REQUIRED WORK:
Your output should be the lines below from the one holding "Interruttore di interblocco" through the one holding "3. пожалуйста Измерения", transcribed exactly, with no pictures.
(RECORDS FOR THE EXERCISE)
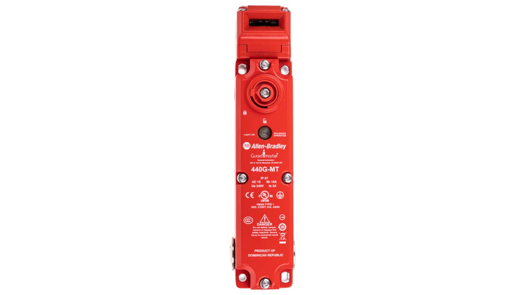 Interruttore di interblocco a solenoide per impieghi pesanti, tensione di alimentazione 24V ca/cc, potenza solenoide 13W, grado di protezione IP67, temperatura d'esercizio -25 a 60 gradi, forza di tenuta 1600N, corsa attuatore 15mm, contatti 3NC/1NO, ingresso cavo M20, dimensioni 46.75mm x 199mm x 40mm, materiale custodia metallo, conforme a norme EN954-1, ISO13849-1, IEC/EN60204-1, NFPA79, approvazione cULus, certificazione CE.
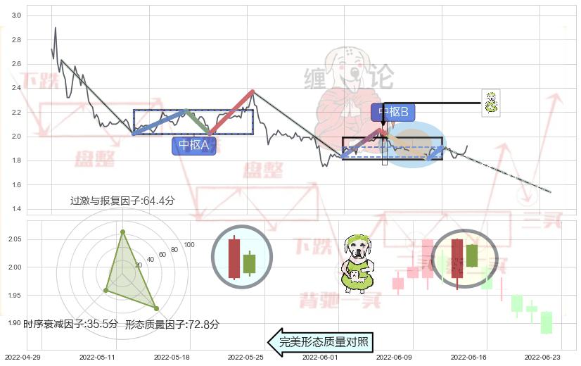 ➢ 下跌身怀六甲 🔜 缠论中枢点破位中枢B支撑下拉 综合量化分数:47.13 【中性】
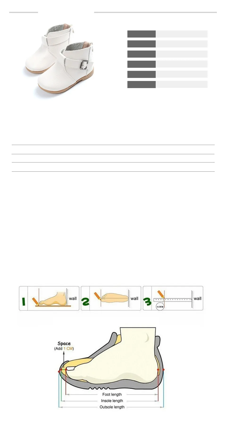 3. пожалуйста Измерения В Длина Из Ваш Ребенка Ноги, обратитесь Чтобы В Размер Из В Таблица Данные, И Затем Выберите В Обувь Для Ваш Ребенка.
(End RECORDS FOR THE EXERCISE)
(RECORDS FOR THE EXERCISE)
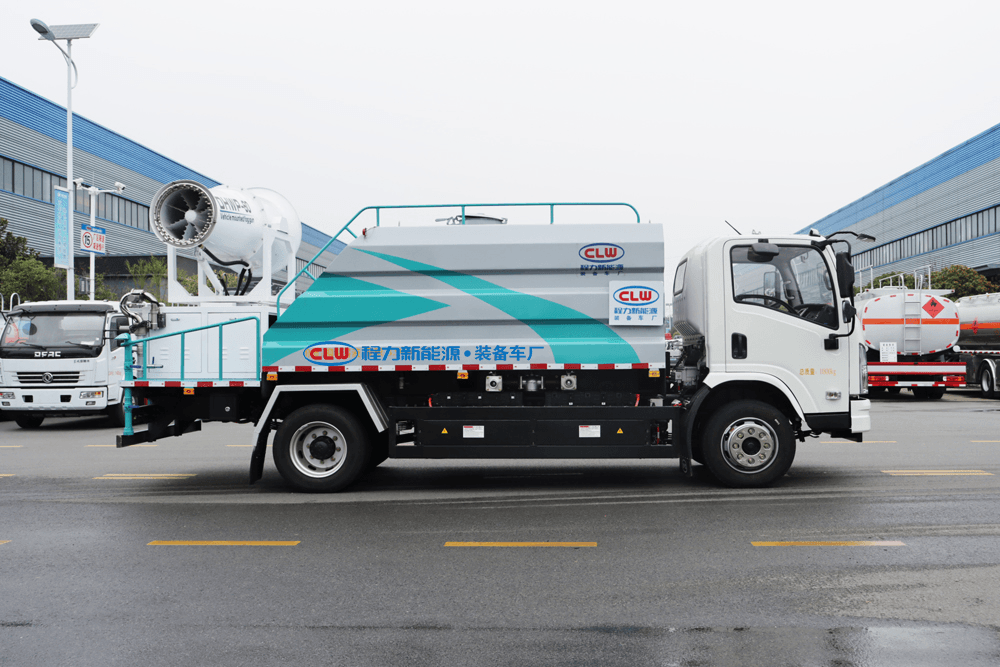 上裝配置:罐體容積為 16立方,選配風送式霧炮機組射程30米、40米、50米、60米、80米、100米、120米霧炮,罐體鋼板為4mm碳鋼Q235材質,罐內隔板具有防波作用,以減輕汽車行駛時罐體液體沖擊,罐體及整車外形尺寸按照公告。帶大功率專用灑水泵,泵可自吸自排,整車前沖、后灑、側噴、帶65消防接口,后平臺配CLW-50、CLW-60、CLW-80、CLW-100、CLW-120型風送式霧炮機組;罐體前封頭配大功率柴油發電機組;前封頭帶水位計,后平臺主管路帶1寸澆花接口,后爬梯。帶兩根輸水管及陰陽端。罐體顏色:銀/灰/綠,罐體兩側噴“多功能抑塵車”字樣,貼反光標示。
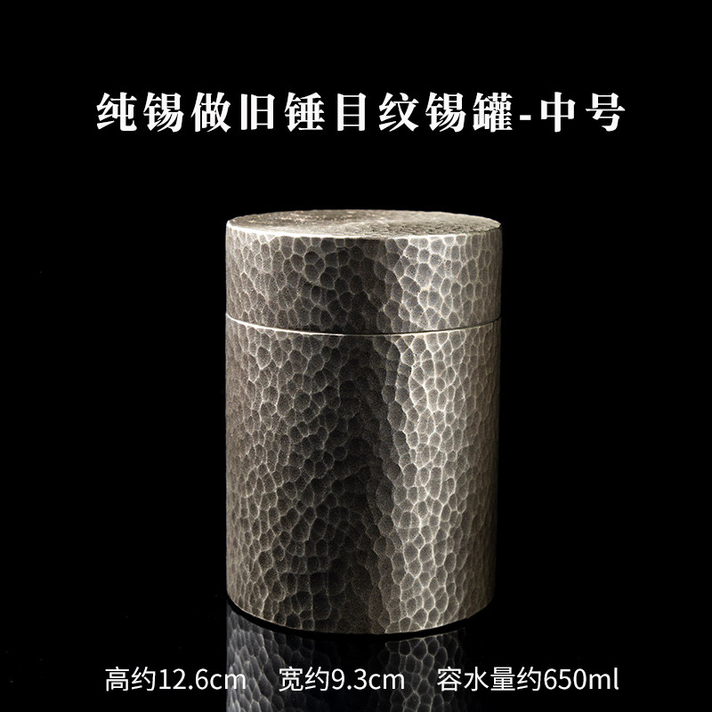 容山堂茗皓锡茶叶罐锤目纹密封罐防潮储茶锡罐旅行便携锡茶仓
(End RECORDS FOR THE EXERCISE)
SOLUTION TO THE PROBLEM:
 Interruttore di interblocco a solenoide per impieghi pesanti, tensione di alimentazione 24V ca/cc, potenza solenoide 13W, grado di protezione IP67, temperatura d'esercizio -25 a 60 gradi, forza di tenuta 1600N, corsa attuatore 15mm, contatti 3NC/1NO, ingresso cavo M20, dimensioni 46.75mm x 199mm x 40mm, materiale custodia metallo, conforme a norme EN954-1, ISO13849-1, IEC/EN60204-1, NFPA79, approvazione cULus, certificazione CE.
 ➢ 下跌身怀六甲 🔜 缠论中枢点破位中枢B支撑下拉 综合量化分数:47.13 【中性】
 3. пожалуйста Измерения В Длина Из Ваш Ребенка Ноги, обратитесь Чтобы В Размер Из В Таблица Данные, И Затем Выберите В Обувь Для Ваш Ребенка.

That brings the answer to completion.